● **Your task**: Among the lines below, output only those between the line holding "在新疆特克斯縣境內(nèi)" and the line holding "Modern tableware set", inclusive, exactly as written and with no pictures.

● **Listed records**:
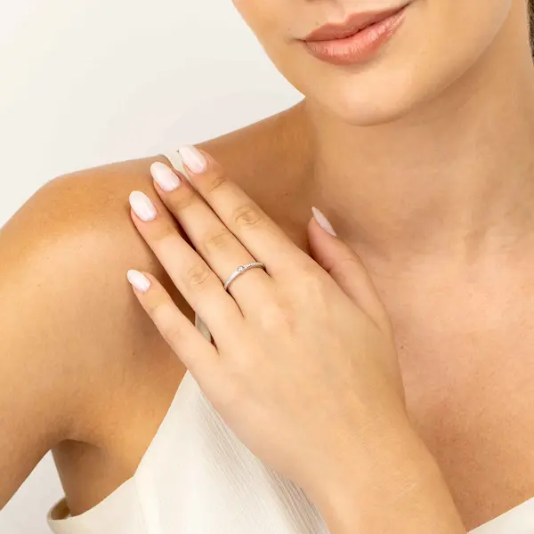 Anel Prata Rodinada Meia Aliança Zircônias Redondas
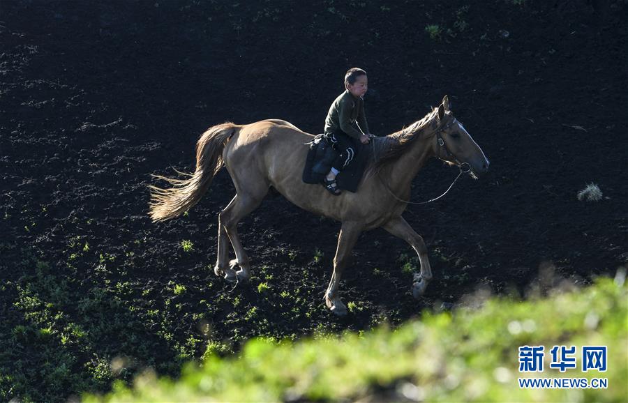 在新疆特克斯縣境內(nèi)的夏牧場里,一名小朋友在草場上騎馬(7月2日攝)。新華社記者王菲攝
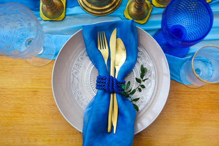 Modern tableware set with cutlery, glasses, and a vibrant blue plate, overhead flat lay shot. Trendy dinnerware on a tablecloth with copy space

* * *

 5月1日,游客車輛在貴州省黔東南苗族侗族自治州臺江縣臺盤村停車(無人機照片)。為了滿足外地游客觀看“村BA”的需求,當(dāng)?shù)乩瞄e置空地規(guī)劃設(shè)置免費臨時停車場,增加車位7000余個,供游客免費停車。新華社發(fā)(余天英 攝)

● **Reply to the task**:
 在新疆特克斯縣境內(nèi)的夏牧場里,一名小朋友在草場上騎馬(7月2日攝)。新華社記者王菲攝
 Modern tableware set with cutlery, glasses, and a vibrant blue plate, overhead flat lay shot. Trendy dinnerware on a tablecloth with copy space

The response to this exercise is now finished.